Could You Be Sued Over an Icy Parking Lot?

Since many dealers are dealing with ice, I feel now is a good time to discuss what legal duties a landowner has to make their property safe to employees and customers.

 Are Employees Different than Customers?

The duties of a landowner are the same for an employee and customer. On December 9, 2014, the Texas Supreme Court heard arguments in the case Austin v. Kroger. Randy Austin fell while mopping a restroom floor at the Kroger store where he worked in Mesquite, Texas. An oily liquid had leaked through the store's ventilation ducts after another Kroger employee power-washed the store's condenser units, creating spills in both the men's and women's restrooms. Consistent with Austin's duties as a self-described “floor clean-up person,” Austin's supervisor directed him to clean the spills. Austin slipped in the liquid and fell, fracturing his femur and dislocating his hip. As a result, he spent nine months in the hospital and underwent six surgeries, leaving his left leg two inches shorter than his right.
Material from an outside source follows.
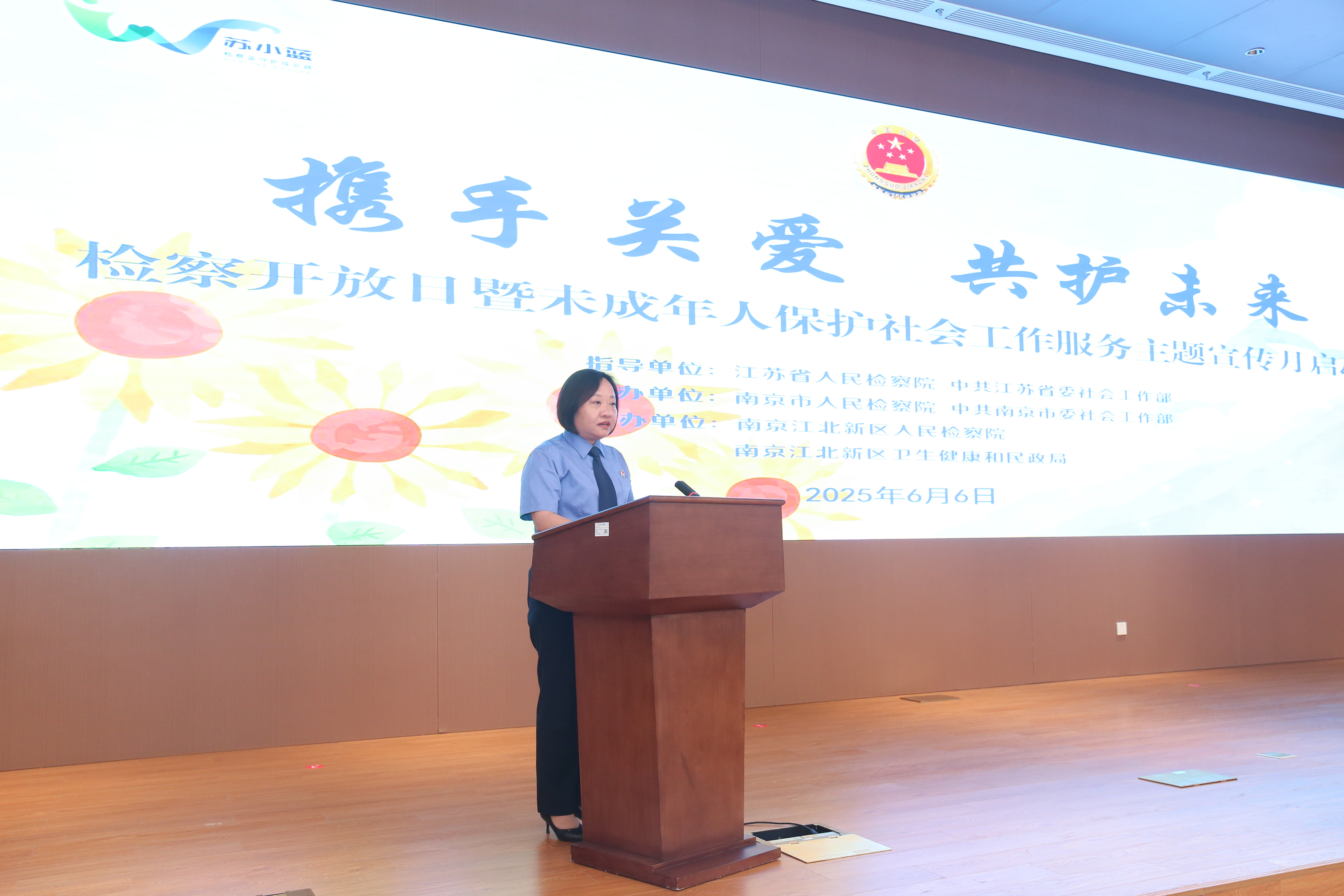六月初夏万物新,护苗成长正当时。6月6日,江苏省、南京市、南京江北新区三级检察院联合江苏省委、南京市委社会工作部,南京江北新区卫生健康和民政局联合举办“携手关爱 共护未来”检察开放日暨未成年人保护社会工作服务主题宣传月活动,邀请人大代表,政协委员,未成年人保护领域社会工作专业领军型人才代表,民政、教育、共青团、妇联等相关部门代表共计40余人参加。

The Court concluded that employers owe employees the same premises-liability duty that other landowners owe to their invitees. An invitee is “one who enters the property of another ‘with the owner's knowledge and for the mutual benefit of both.” The Court further ruled that “in most cases, the landowner's premises-liability duty is to either make safe or warn invitees of concealed dangers of which the landowner is or should be aware, but the invitee is not; and (3) in most cases, a landowner owes no duty to protect an invitee against a dangerous condition that is open and obvious or known to the invitee. . .” In this case, the Court found that the slippery floor was an open and obvious dangerous condition and Kroger was not liable.

Is the Condition Open or Obvious?

Determining if a condition is open or obvious is fact-specific. In Nethery v. Turco, a court determined ice known on the premises but not at that exact spot was open and obvious. A real estate agent named Nethery testified that she could see ice but that the ice did not cover the entire driveway. However, she did not know where it stopped. She appreciated the ice's presence enough to be more cautious and attempted to step around it, but she stepped on the ice and fell, injuring her wrist. She filed suit for negligence, and the Defendant (Turco) moved for summary judgment based on the absence of a legal duty to warn or protect. Nethery also alleged that the Turcos negligently left their sprinkler system on, which caused the ice to accumulate. The court held, “the Texas Supreme Court in Austin stated that when, as in this case, the condition is open and obvious or otherwise known to the invitee, “the law presumes that invitees will take measures to protect themselves against known risks.

Under controlling precedent, the Turcos' duty to the appellant was negated by Nethery's admission that the ice was open and obvious or otherwise known to her.” In Hughes v. Kroger, the court found a concrete patch to be open and obvious based on six color photographs of the concrete patch. The pictures showed a different shade and composition of concrete than the rest of the parking lot. The court also factored in that the patch was in the middle of a lined parking space and not hidden or obscured by landscaping, a curb, or other object. Despite Hughes claiming she did not see the patch, the court found this evidence to be enough to dismiss the case. The court also spelled out the elements a plaintiff must show to prevail when a hazard is not open and obvious (1) a condition of the premises created an unreasonable risk of harm, (2) the owner knew or reasonably should have known of the condition, (3) the Defendant failed to exercise reasonable care to protect the Plaintiff, and (4) the failure was a proximate cause of the injury.

Important Lessons

Based on these three cases, I think the following is clear:
(1) If you have a hazard that is open and obvious and an accident occurs, you should document the hazard with pictures as Kroger did with the concrete patch;

(2) If an accident occurs, you should document any measures you took to avoid the accident, provide notice to customers of the hazard, and any other steps you took to mitigate the risk of the hazard;

(3) You should warn customers of potential hazards, and although a verbal warning is enough, you should have the warning in writing when possible such as a notice at every entrance, the use of a safety cone, and/or a caution sign;

(4) You should pay special attention to hazards that are in less open areas that may not be easily noticed, such as between cars; and

(5) The presence of sand or kitty litter may or may not put a guest on notice of possible hazards, but it does show some care was taken to protect the invitee.

In summary, just because you do not have a duty to protect someone, it does not mean you will not end up with expensive legal bills as Kroger had when they fought a case all the way to the Texas Supreme Court—that said, always do everything you can within reason to protect invitees and employees.